Love in the Asylum

Feb 24, 2010 10:01



Narrator's POV

The afternoon after Alice and Jasper had begun to hate each other, he sat on the lawn with his groupies from the morning NA meeting. One of them was Lauren, a girl around his age. She was cute but too blonde to be his considered his type but that didn't mean Jasper wasn't interested in her. Or rather he was interested in whether Alice was watching as she flirted shamelessly with him.

Alice didn't even notice them until Jasper said something witty about another patient that made Lauren laugh. Her laugh was fake, loud and made Jasper cringe internally but still it made Alice look up, even if she looked annoyed at the interruption.

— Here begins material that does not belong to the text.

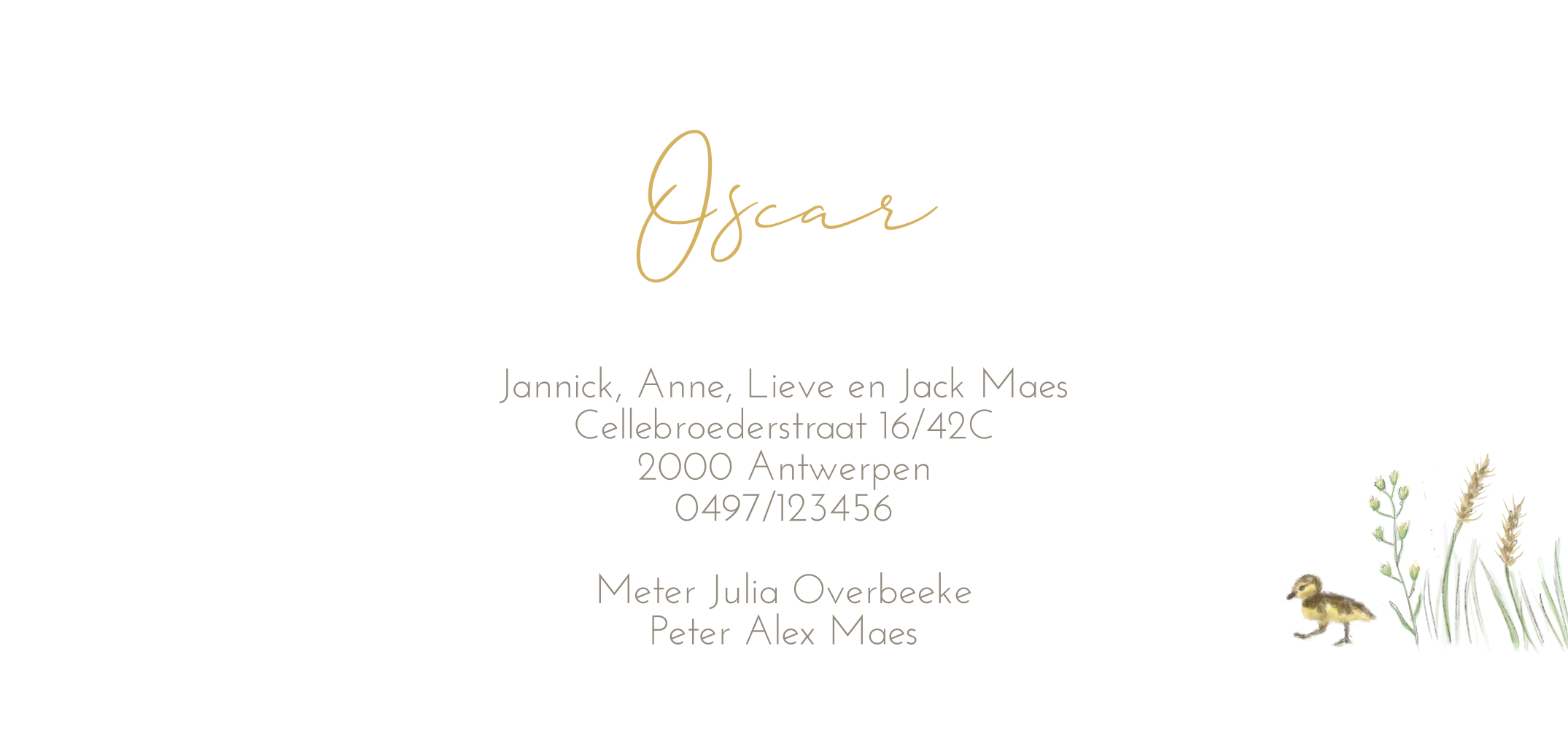 Een origineel, handgeschilderd geboortekaartje met een eenden familie in het riet. Dit geboortekaartje kan eenvoudig worden aangepast door een eendje toe te voegen of weg te halen, afhankelijk van de familiegrootte.

She glanced for a mere second and didn't look up again. She missed Lauren's wide eyed devotion, her hand on Jasper's thigh not to mention the whispered offer of oral pleasure in a janitor's closet that she inexplicably possessed the key to. When the hour was up Jasper hung back but Alice, rather then walking towards him, went off to another building.

The next day Alice had a visitor. Jasper was sitting with Lauren on the patio when he walked by. Although he had only been there a week he had already learned how to spot visitors. For one thing, their clothes were ironed, but the real clue was the way they moved across the lawn- trying to appear casual, but with anxious, disapproving expressions.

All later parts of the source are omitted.